I couldn’t get the feeling out of my mind that there was something more to it. I feel like there was a reason why he didn’t ask for my contact information that night at Betty’s. I held back that same night because I just wasn’t ready. I wondered how recent this “break” was from his ex-girlfriend. Maybe he was having second thoughts and wasn’t quite ready to get back into another relationship. Or maybe I was a rebound. Or worse yet, maybe he’s still in love with his ex-girlfriend. No, I knew that wasn’t the case. The way he described their relationship, it sounded so passionless, so convenient. It’s possible that maybe he was underplaying his emotions for my benefit. And if he was, could I handle being disappointed again? Would he have the ability to hurt me right now after spending only one day together? It certainly didn’t feel like one day.

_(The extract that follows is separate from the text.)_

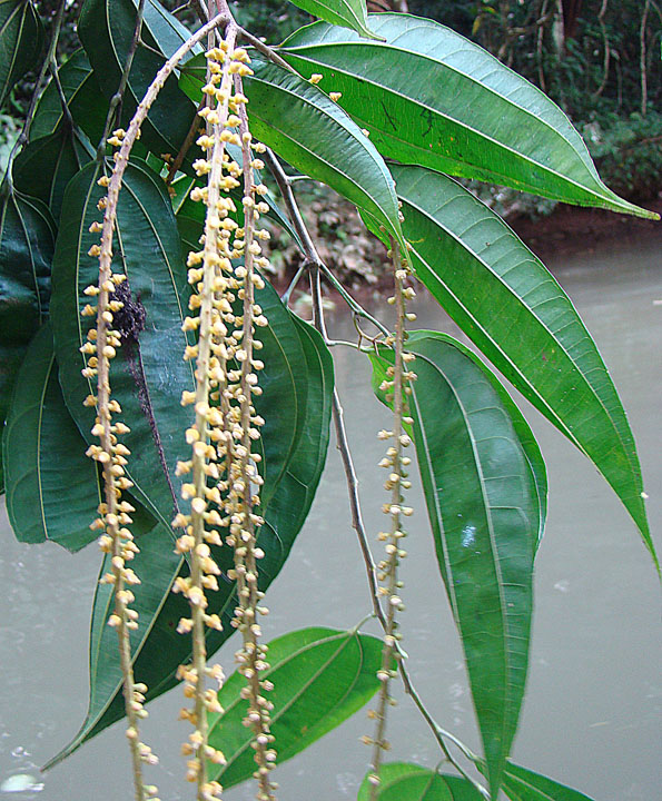 Of the Salicaceae. Native from Nicaragua to Bolivia. Photo from southeastern Nicaragua.

“So, are you going to see him again soon? Did you guys make any other plans?” Anna interrupted my thoughts.
“No, we haven’t. I guess I assumed we would. I haven’t really thought about it.”
“That dress looks great on you, by the way.”

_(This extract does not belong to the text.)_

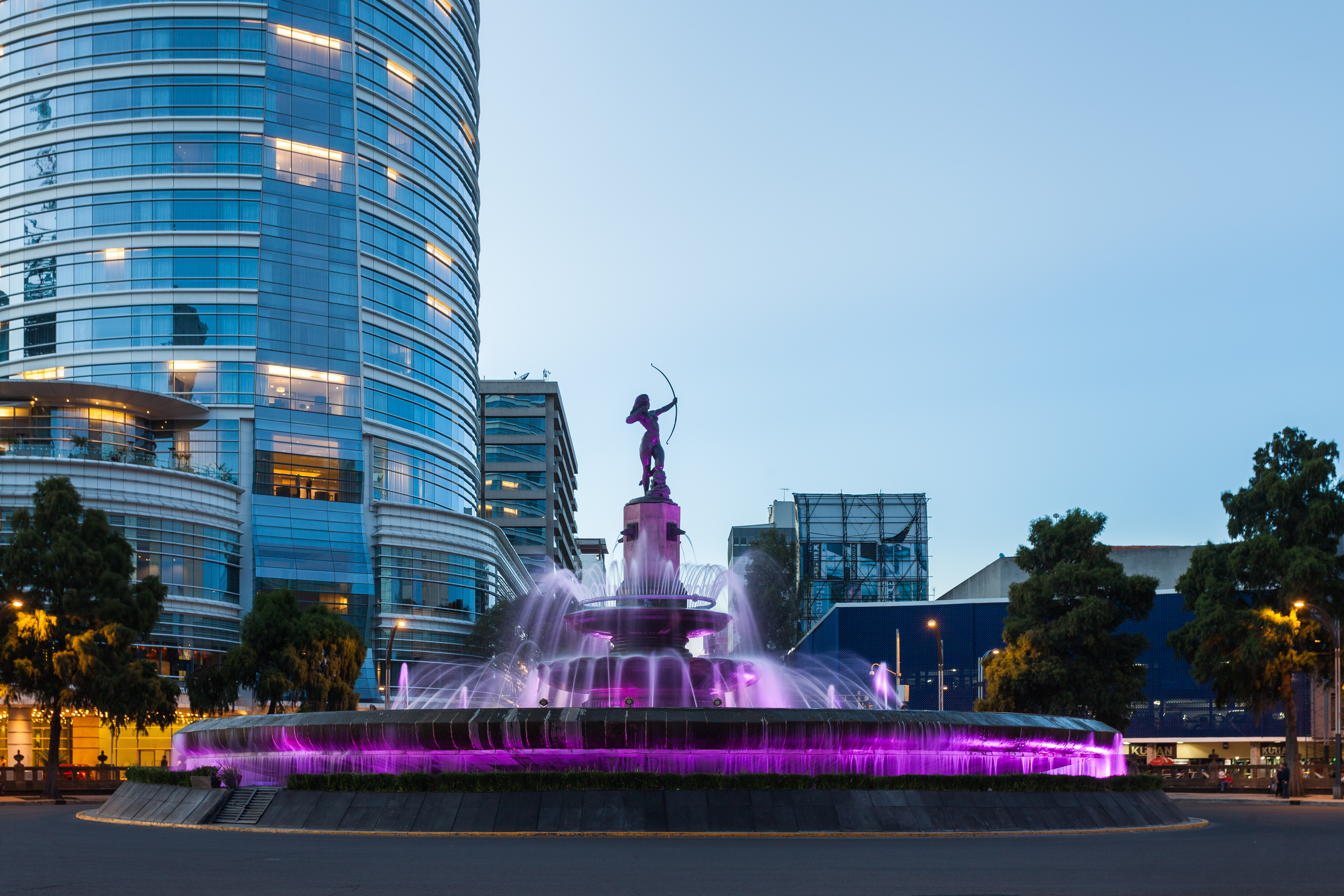 Fuente de la Diana Cazadora, Mexico City, Mexico

We stood next to each other, looking at ourselves in front of the mirror. We both smiled at our images and then hugged.
“Julia,” Anna said wistfully. “It’s going to be you standing here someday, with your wedding dress on. Maybe it will even be with Ryan.”

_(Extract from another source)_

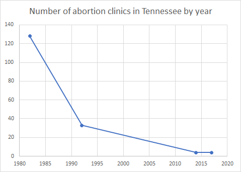 Number of abortion clinics in Tennessee by year. Data is from articles linked at

I gave her that look again like she was nuts and heard my phone chime an incoming text. “Speak of the devil,” I said, but couldn’t hide my excitement. I showed Anna my phone so she could see it was from Ryan.
Ryan: Had a great time with you yesterday
“He’s totally thinking of you!” Anna squealed and we both did a little happy dance.
Me: Me too
Ryan: How are the dress fittings going?
I took a picture of us in the mirror and sent it to him.
Ryan: Beautiful
Ryan: And the bride isn’t bad either ;-)
Anna giggled like she couldn’t be more pleased. “You should ask him to be your date at the wedding, Julia.”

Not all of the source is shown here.